Фостер копнул лопатой.

– Я обнаружил след старой дорожки. Видите, она шла как раз так, как вы теперь хотите, а потом здесь посадили кусты, и она заросла.

– И очень глупо сделали, – сказала Гвенда. – Надо, чтобы из окна гостиной открывалась перспектива, вид на газон и на море.

У Фостера было туманное представление о перспективе, но он все-таки осторожно и с неохотой согласился:

– Да, видите, я вовсе не хочу сказать, что так будет хуже… Откроется вид, и кусты не будут затенять гостиную. Хотя я никогда не видел такой могучей форзиции. Не то что сирень, саженцы стоят дорого, а та, что есть, слишком стара, чтобы ее пересаживать.

– О, я знаю. Но сирень намного, намного лучше форзиции.

– Ну, – Фостер поскреб затылок, – может, оно и так.

– Так будет хорошо, – уверенно заявила Гвенда. И неожиданно спросила: – Ведь Хенгрейвы жили здесь не так уж долго? А кто жил здесь до них?

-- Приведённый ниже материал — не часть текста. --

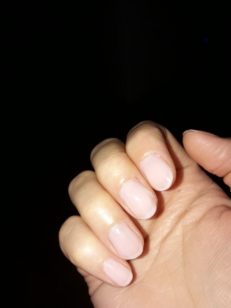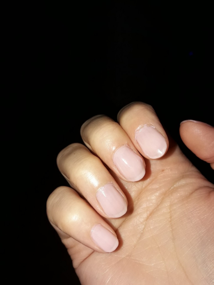 Наносила этот лак в салоне и понравился, держится неплохо и цвет не яркий. Аккуратно смотрится, для коротких ногтей, как мои вполне подходит. Эффект такой, как будто маникюр без маникюра. Аккуратный маникюр, не броский и укрепляет ногти видимо, применяю вместе с покрытием: Укрепитель 3 в 1. Держится всю неделю, если не больше. Смотрится естественно, не утяжеляет. Ногтевая пластина действительно становится немного плотнее. Есть желание, в будущем приобрести этот лак снова.

– Хенгрейвы жили лет шесть или около того. Недолго. А до них? Сестры Элворси. Очень набожные люди. «Низкая церковь»[1]. Миссии к язычникам. Один раз черный священник останавливался у них. Четыре сестры и брат, который не очень-то часто наведывался к этим женщинам. А до них, дайте-ка вспомнить… Да, здесь жила миссис Файндисон… Из настоящих благородных. Это уж точно. Она жила здесь еще до моего рождения.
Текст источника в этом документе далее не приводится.